TRY IT:
Although the records contain pictures, none belong in the copy: restate word for word only the lines from the one with "馆长孔晓明宣读了《关于表彰2" through the one with "under CC BY 4.0", both included.

THE INPUT:
----------
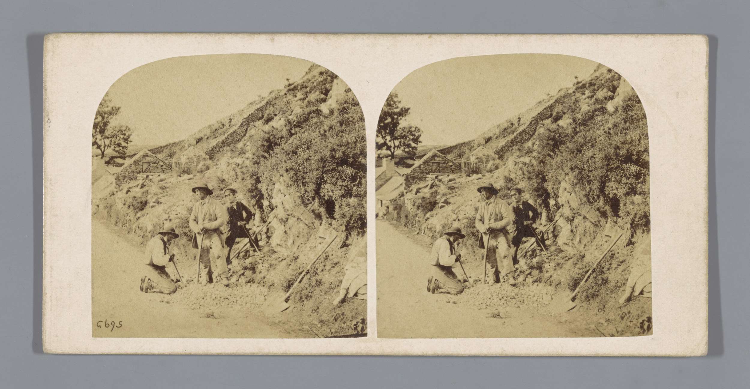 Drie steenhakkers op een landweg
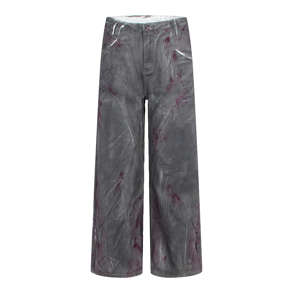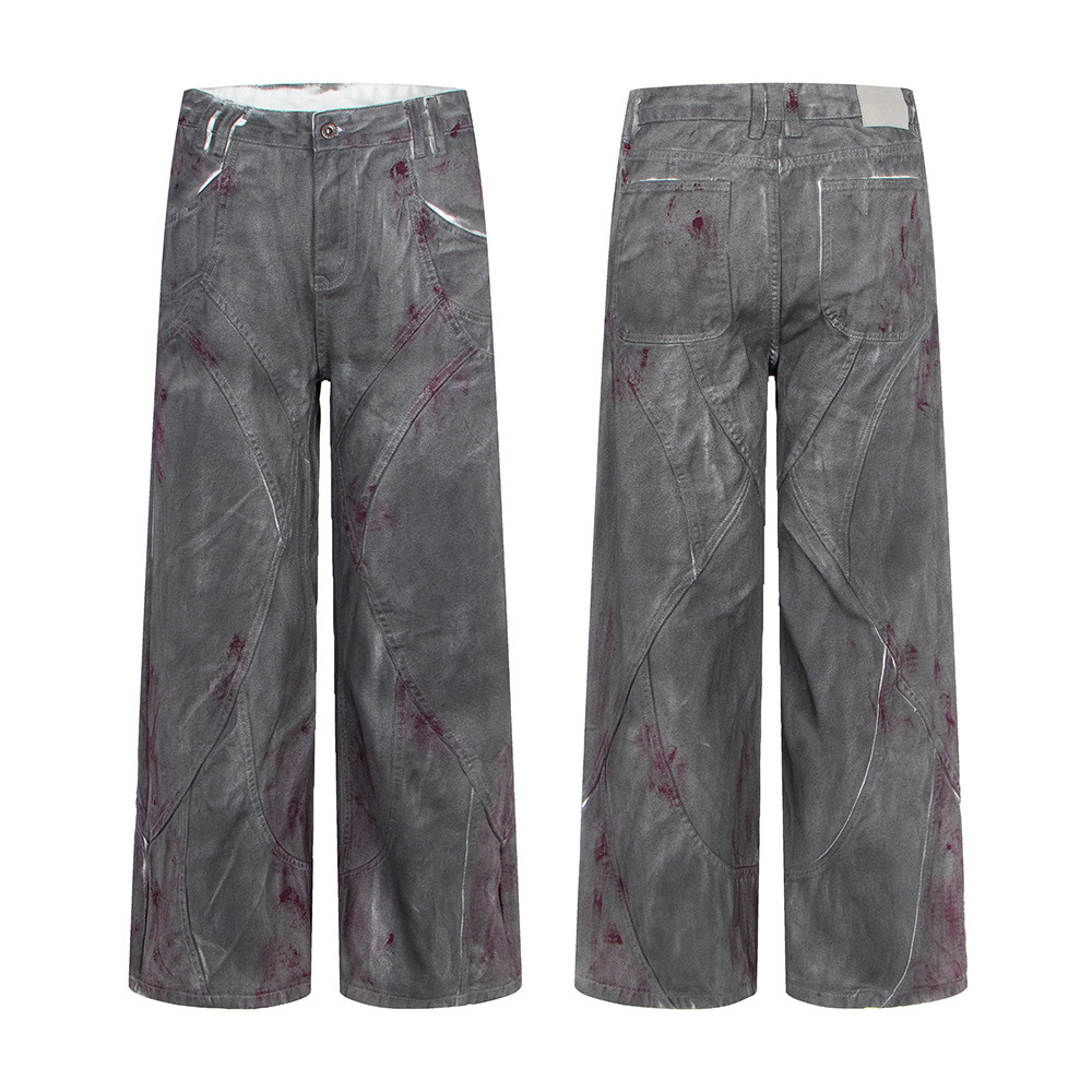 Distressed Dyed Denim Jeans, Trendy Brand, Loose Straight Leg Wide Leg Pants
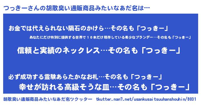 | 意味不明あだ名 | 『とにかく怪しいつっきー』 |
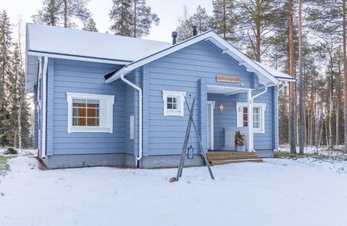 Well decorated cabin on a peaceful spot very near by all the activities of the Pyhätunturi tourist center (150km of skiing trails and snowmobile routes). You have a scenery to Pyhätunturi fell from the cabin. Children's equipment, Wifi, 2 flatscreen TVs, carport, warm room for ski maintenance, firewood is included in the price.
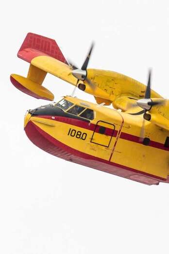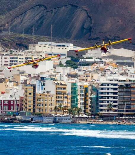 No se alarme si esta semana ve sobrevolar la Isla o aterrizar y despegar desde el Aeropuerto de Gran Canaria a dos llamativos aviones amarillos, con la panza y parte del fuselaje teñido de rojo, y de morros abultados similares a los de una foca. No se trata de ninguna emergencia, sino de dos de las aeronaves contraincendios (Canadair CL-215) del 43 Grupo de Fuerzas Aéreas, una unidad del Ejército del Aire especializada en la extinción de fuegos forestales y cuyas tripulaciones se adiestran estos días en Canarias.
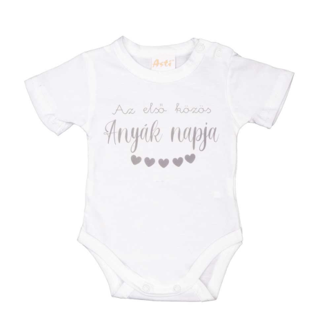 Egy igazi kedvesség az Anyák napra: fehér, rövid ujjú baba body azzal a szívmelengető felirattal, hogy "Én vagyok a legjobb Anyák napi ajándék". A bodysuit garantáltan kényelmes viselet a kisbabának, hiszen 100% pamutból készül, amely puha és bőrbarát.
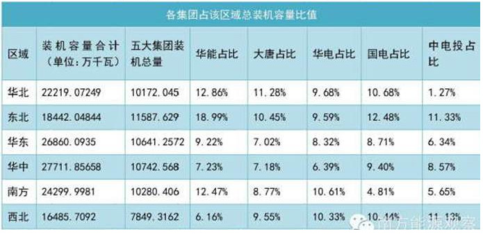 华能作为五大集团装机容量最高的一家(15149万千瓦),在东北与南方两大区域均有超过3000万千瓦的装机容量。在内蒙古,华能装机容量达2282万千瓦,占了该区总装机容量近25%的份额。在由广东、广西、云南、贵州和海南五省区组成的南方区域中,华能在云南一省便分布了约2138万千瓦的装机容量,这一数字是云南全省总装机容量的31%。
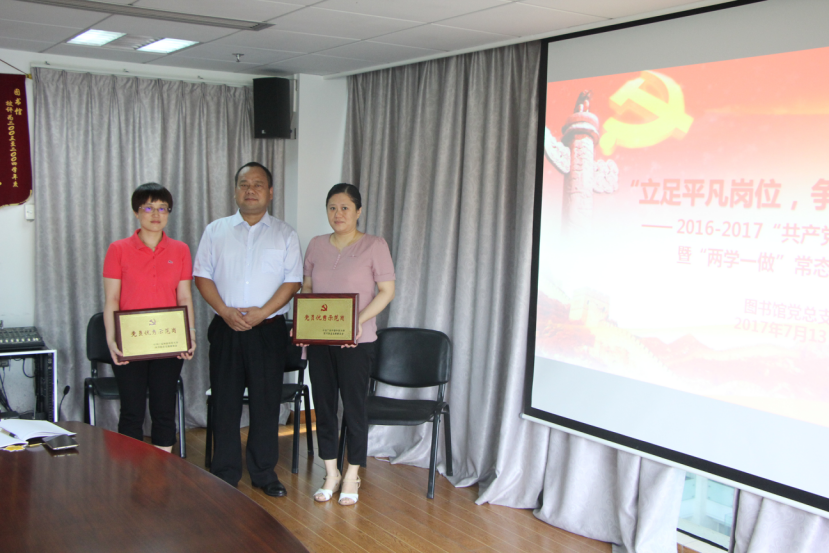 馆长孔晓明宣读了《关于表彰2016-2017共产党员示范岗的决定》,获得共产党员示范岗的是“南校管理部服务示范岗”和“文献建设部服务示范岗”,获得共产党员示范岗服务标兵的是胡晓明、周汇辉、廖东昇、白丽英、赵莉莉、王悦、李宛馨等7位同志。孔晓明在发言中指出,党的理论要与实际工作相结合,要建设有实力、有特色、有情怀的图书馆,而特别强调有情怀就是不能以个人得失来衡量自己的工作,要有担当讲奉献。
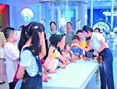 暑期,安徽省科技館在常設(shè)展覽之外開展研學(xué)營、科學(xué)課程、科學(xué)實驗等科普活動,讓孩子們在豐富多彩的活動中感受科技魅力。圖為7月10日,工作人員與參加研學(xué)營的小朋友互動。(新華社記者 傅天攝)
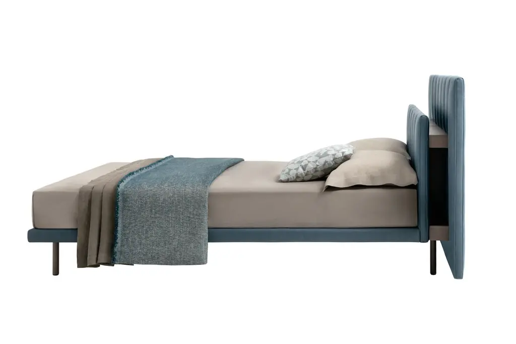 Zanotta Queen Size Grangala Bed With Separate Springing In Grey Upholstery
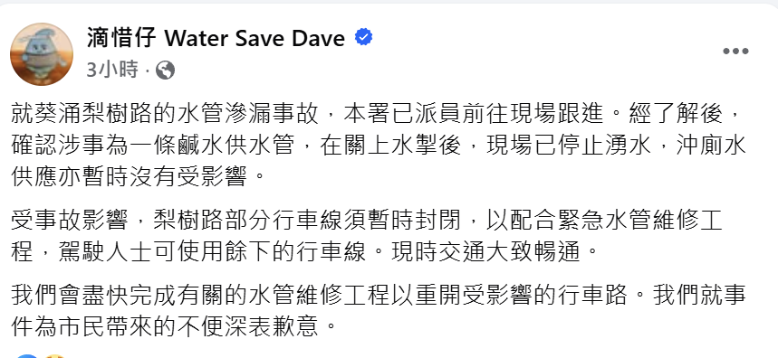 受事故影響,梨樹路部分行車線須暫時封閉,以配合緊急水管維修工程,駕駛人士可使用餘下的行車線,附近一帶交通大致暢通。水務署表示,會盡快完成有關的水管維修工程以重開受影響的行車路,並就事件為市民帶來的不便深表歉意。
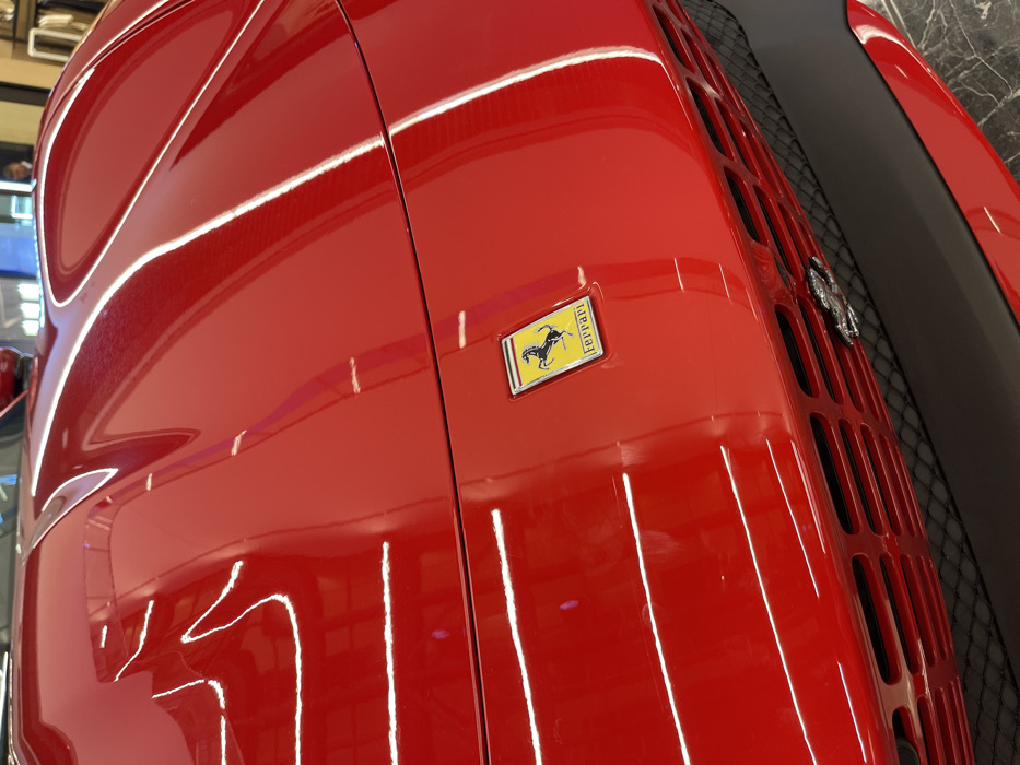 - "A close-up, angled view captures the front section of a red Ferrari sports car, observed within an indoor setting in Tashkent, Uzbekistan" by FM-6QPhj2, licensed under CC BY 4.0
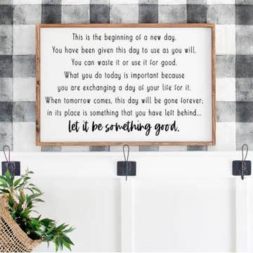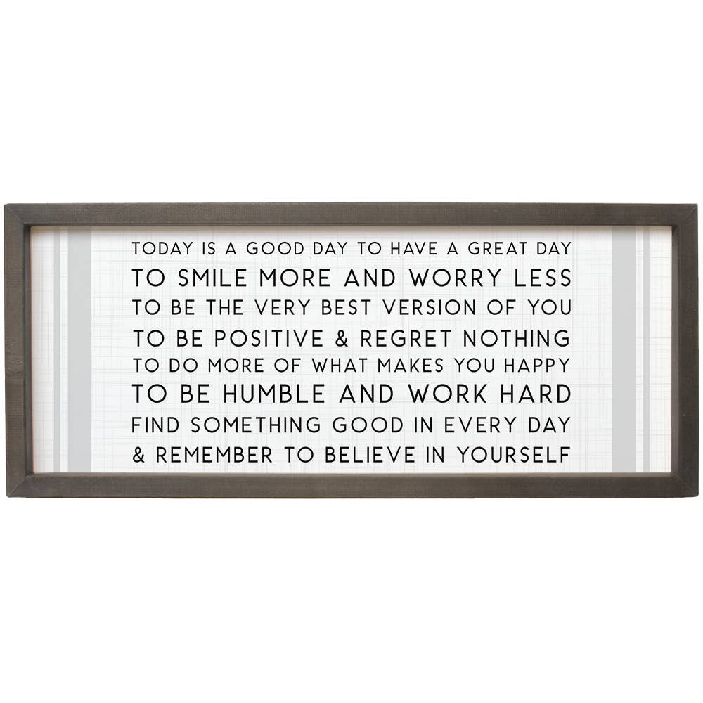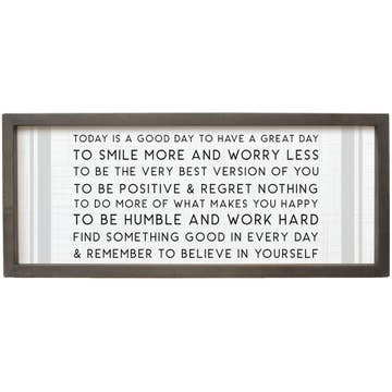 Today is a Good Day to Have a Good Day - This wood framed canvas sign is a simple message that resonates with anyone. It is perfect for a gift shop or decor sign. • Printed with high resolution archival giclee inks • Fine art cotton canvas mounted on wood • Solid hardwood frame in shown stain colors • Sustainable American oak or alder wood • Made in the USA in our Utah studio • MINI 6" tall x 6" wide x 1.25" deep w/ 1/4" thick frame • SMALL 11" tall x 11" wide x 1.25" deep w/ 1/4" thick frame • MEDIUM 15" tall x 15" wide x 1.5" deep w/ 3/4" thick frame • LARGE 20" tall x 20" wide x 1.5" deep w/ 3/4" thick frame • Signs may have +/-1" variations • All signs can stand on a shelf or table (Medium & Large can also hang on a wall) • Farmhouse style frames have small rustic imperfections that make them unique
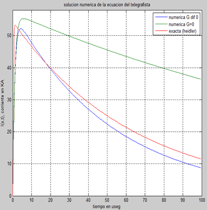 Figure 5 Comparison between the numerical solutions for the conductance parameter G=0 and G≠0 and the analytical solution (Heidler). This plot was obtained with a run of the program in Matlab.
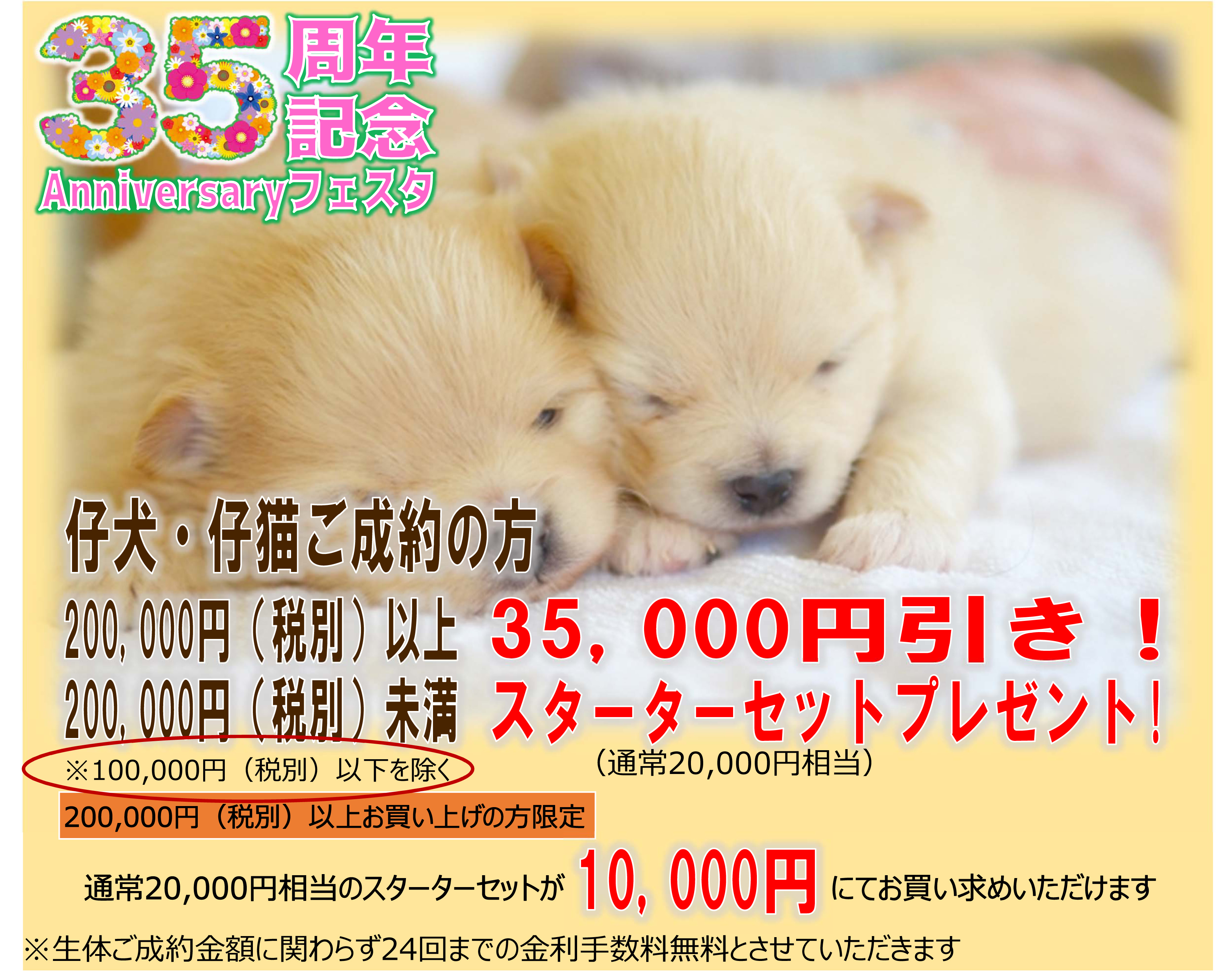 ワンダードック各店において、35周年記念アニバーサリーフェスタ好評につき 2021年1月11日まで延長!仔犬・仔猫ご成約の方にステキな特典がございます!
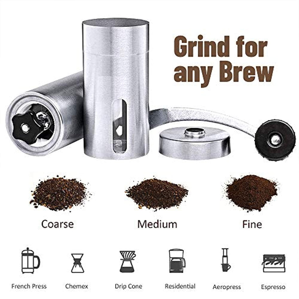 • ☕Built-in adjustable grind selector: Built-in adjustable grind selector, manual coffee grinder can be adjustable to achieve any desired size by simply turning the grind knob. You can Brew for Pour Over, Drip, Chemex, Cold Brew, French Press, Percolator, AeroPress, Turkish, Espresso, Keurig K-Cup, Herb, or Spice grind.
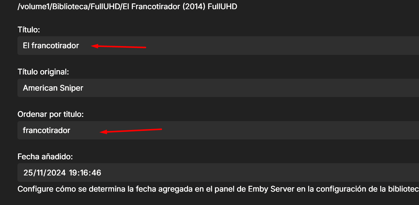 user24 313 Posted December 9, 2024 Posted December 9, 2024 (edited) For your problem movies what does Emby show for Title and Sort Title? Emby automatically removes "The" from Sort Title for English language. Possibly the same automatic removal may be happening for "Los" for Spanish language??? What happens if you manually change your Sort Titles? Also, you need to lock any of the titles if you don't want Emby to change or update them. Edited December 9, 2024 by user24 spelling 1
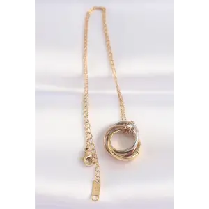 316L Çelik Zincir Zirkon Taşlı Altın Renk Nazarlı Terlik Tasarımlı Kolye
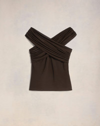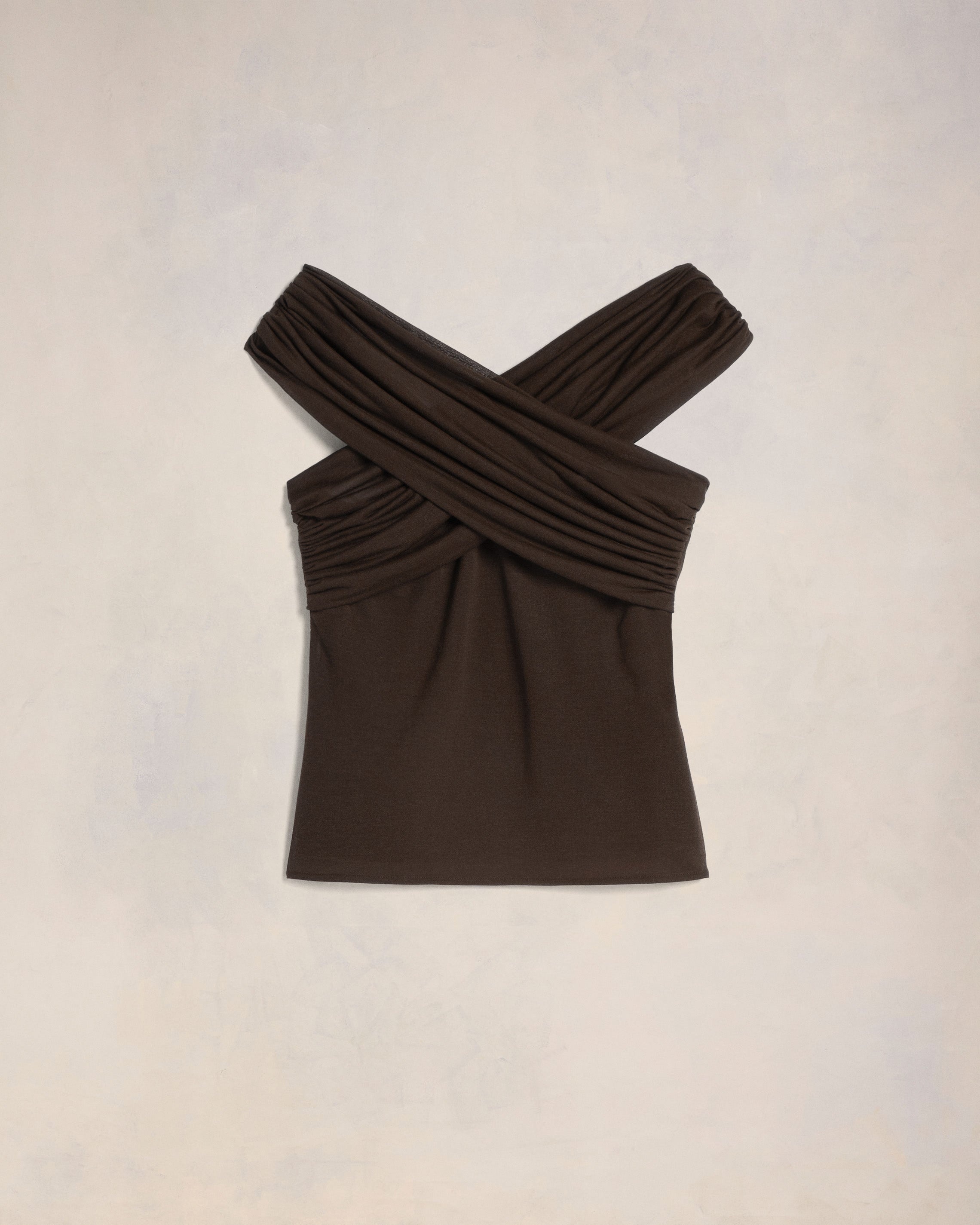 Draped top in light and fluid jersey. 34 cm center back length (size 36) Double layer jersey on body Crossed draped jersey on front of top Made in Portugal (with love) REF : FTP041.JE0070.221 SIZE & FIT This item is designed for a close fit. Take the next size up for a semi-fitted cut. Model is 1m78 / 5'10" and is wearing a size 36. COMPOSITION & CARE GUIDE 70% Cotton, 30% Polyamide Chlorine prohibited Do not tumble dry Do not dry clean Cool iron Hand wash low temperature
----------
ANSWER SPACE:
 馆长孔晓明宣读了《关于表彰2016-2017共产党员示范岗的决定》,获得共产党员示范岗的是“南校管理部服务示范岗”和“文献建设部服务示范岗”,获得共产党员示范岗服务标兵的是胡晓明、周汇辉、廖东昇、白丽英、赵莉莉、王悦、李宛馨等7位同志。孔晓明在发言中指出,党的理论要与实际工作相结合,要建设有实力、有特色、有情怀的图书馆,而特别强调有情怀就是不能以个人得失来衡量自己的工作,要有担当讲奉献。
 暑期,安徽省科技館在常設(shè)展覽之外開展研學(xué)營、科學(xué)課程、科學(xué)實驗等科普活動,讓孩子們在豐富多彩的活動中感受科技魅力。圖為7月10日,工作人員與參加研學(xué)營的小朋友互動。(新華社記者 傅天攝)
 Zanotta Queen Size Grangala Bed With Separate Springing In Grey Upholstery
 受事故影響,梨樹路部分行車線須暫時封閉,以配合緊急水管維修工程,駕駛人士可使用餘下的行車線,附近一帶交通大致暢通。水務署表示,會盡快完成有關的水管維修工程以重開受影響的行車路,並就事件為市民帶來的不便深表歉意。
 - "A close-up, angled view captures the front section of a red Ferrari sports car, observed within an indoor setting in Tashkent, Uzbekistan" by FM-6QPhj2, licensed under CC BY 4.0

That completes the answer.